The following may be very elementary, but I'm just trying to figure it out for myself. ...

Websites often exhibit a pattern in which a few sites are far more popular than the rest. See, for example, this graph by Daniel Drezner and Henry Farrell, which plots the number of incoming links to each blog versus its popularity rank.

The graph shows enormous inequality. That is a bit counter-intuitive; we might expect that given millions of choices, people would distribute their interest evenly across the whole web. However, we want to know what's going on in the most popular nodes of a network such as the blogosphere. Therefore, we visit those nodes and comment on them, thereby making them even more popular. In other words, network traffic tends to concentrate.

Clay Shirky thinks that blogs fall in a power-law distribution, so that the line above can be plotted as y=axk. Drezner and Farrell think the line is lognormal. That's better news. A lognormal distribution is less steep, so it suggests that unknown websites sometimes gain popularity; the pattern is not perfectly self-reinforcing. In any case, the data clearly show a huge tilt toward top-ten sites.

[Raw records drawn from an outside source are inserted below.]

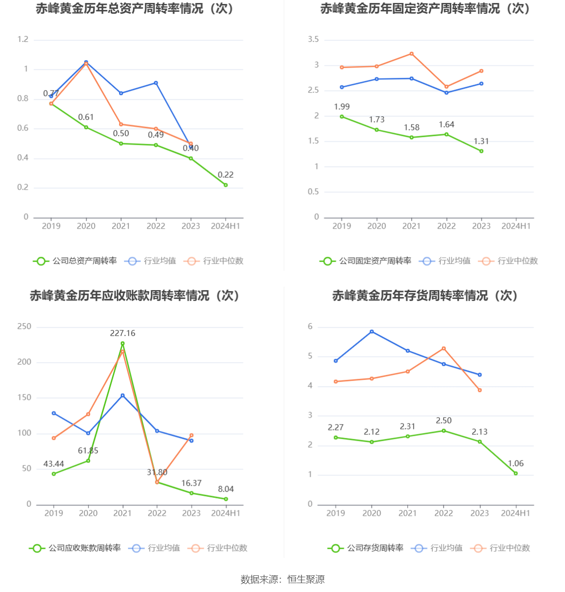 营运能力方面,2024年上半年,公司总资产周转率为0.22次,上年同期为0.19次(2023年上半年行业平均值为0.25次,公司位居同行业8/11);公司应收账款周转率、存货周转率分别为8.04次、1.06次。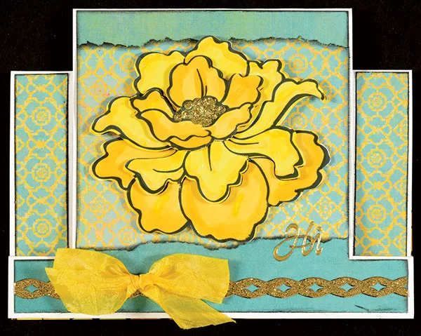 Outline the large and small portions of the flower with Yellow Spectrum Noir GB5, adding extra color around the outside edges of the petals. Outline the middle blossom with GB5 and color in the petals with CT3. Layer blossoms with foam tape and foam tape to the card as shown. Apply gold glitter glue to the flower center and let dry. Place “Hi” Gold Greetings Dazzles™ above the border and use ¾” wide yellow crepe Mirage Ribbon to make a bow and Zot to the left side of the border as shown.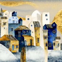In een scène die doet denken aan een dromerig dorp aan de rand van de hemel rijzen huizen op in een palet van blauwe en gouden tinten. Hun vormen zijn speels, bijna kinderlijk, en hun daken lijken op te gaan in de gouden lucht. De scène is een eerbetoon aan de verbeelding, waar architectuur en natuur in een harmonieuze omhelzing bestaan.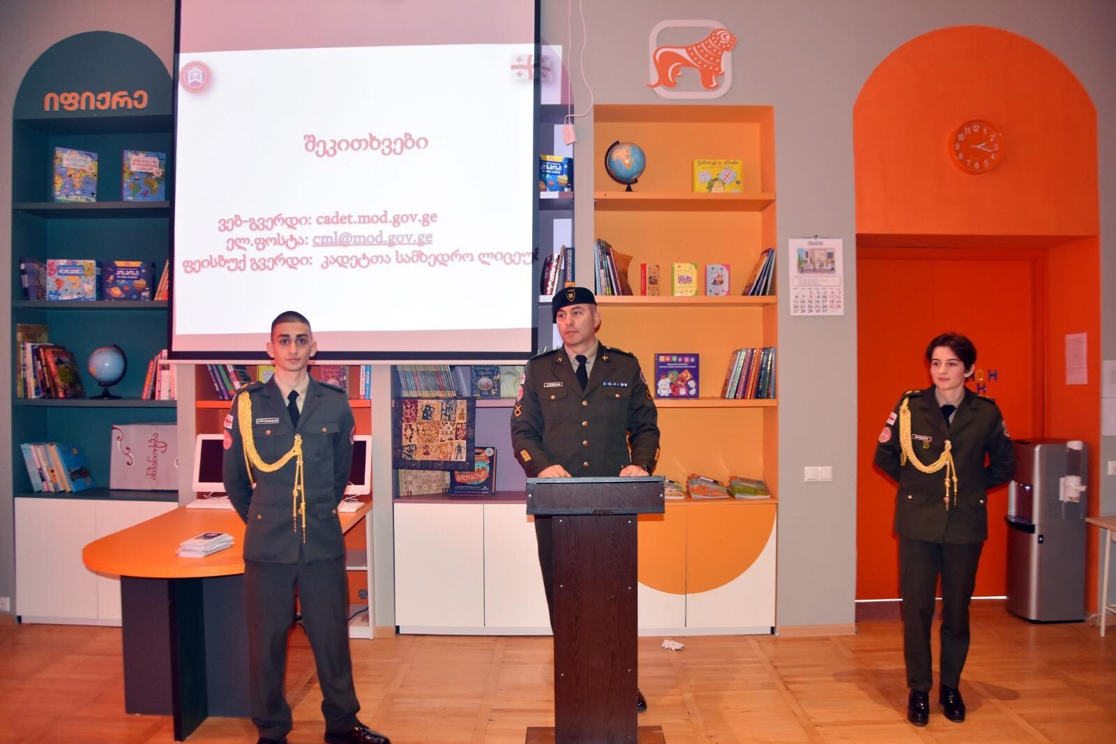 კადეტთა სამხედრო ლიცეუმი 2023-2024 სასწავლო წლისათვის მოსწავლეთა მისაღებად ემზადება. ამ მიზნით, სასწავლო დაწესებულების წარმომადგენლები საჯარო სკოლების მე-8 და მე-9 კლასების მოსწავლეებთან საინფორმაციო შეხვედრებს მართავენ. ამ ეტაპზე შეხვედრები მიმდინარ...

Some factor must cause mass attention to focus on certain targets rather than others. That factor could be quality, but it could also be precedence--older sites will tend to beat newer ones. For instance, I can't believe that Instapundit is orders of magnitude better than the average blog, but it is older.

Along similar lines, I observed recently that college applicants want to attend competitive universities, so that they can be exposed to other bright students and gain the reputational advantage of a degree from an institution that is known to be hard to get into. Thus we might expect the number of applications to follow a power-law distribution, with a few universities receiving overwhelming interest. But I don't think that's the case. The reason, surely, is that admission to a college (unlike access to a website) is selective. If you want to get into your "best" option, then you must apply to institutions to which you have a reasonable chance of being admitted. If everyone applied to Yale (currently the university with the lowest acceptance rate), then most would waste their application fee. I cannot find a table with the number of applications per institution. But I suspect that the number of applicants/per places does not vary enormously between the most competitive college in America and the nearby branch of the state university, especially if one could control for quality of education. People do tend to prefer already popular institutions; but that preference is countered by their fear of being rejected. [Yale admits 10% of applicants; University of Maryland--many rungs down the ladder--admits about 20%.]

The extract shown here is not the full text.